I don’t post many pictures of my Cessna 185 because I simply don’t fly it as much as the Cub. I took this picture in June last Summer when I was out with a friend testing the effectivness of the 29″ bushwheels on soft and lumpy gravel bars. Everytime I see this photo it makes me wish it was Summer again.
For those of you that don’t know the difference between my two planes, the Super Cub weighs about 1240 lbs and grosses at 2000 lbs, has a 160hp Lycoming engine, cruises at 90 mph, is made of metal tubing covered with fabric, is certified to seat 3 people, and operates comfortably at gross weight off of 500′ runways. My Cessna 185 (pictured above) weighs 1800 lbs and grosses at 3200 lbs, has a 260 hp Continental engine, cruises at 140 mph, is made of sheet aluminum, certified to seat 6 people, and operates comfortably at gross weight off of 1100′ runways.

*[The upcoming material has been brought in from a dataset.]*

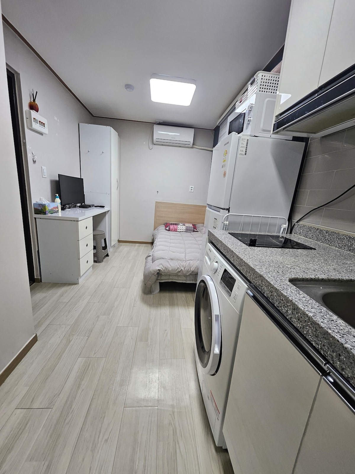 - 房间7坪,床135*200,书桌1300*600,可以保管行李 - 具备可办公、可做饭的简单餐具,智能电视 50 英寸 - Wifi, 大衣柜, 大冰箱, 洗衣机, 晾衣架, 吹风机, 毛巾, 纸巾, 水 收费停车 洗发水、沐浴露、护发素、香皂 - 从仁川机场到宿舍正门乘坐机场巴士时56分钟(包括6分钟步行) - 从宿舍可以走着去的地方 大创(6分钟),OLIVE YOUNG(3分钟),时代广场(3分钟),汗蒸房(6分钟) -从宿舍坐地铁去的地方 (附近有 1 号线永登浦站、2 号线文来站、5 号线永登浦市场站) 东大门 DDP(41 分钟),汝矣岛汉江公园(21 分钟),清溪川(41 分钟),景福宫(39 分钟) 弘益大学入口站(24分钟),北村韩屋村(41分钟),明洞(36分钟),圣水洞(47分钟) 文来洞(12分钟),永登浦站是KTX停车站,去釜山等地方很方便。 清晨感受着从窗户照进来的温暖阳光 晚上坐在房间的窗边享受时代广场的夜景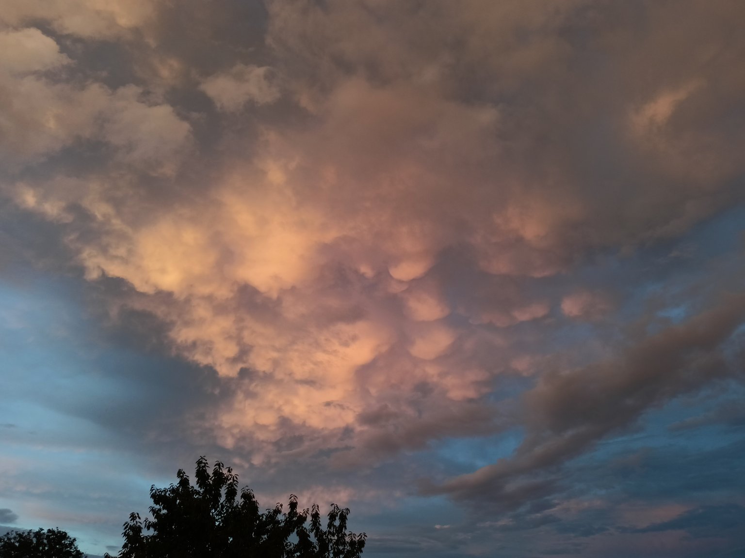 Oblačno až skoro zataženo, je po přeháňce. Krásné růžové kupovité mraky.

There are only a few airstrips that can handle the Cessna 185 in the mountainous terrain that we normally operate. If the 185 is light, it will easily handle a 500′ airstrip. If there is a steady 15 mph wind blowing it can work a 500′ airstrip with ease, and even haul quite a load. People often ask why we don’t use the larger Cessna 185’s for some of these jobs. The answer is that while the 185 can handle more than we give them credit for, there is little or no room for error in sub-ideal conditions on these marginal airstrips. The flexibility of the Super Cub in a variety of winds, lighting, and loading conditions makes it the most sensible tool for most of our jobs, and offers the most amount of margin. Margin makes me happy.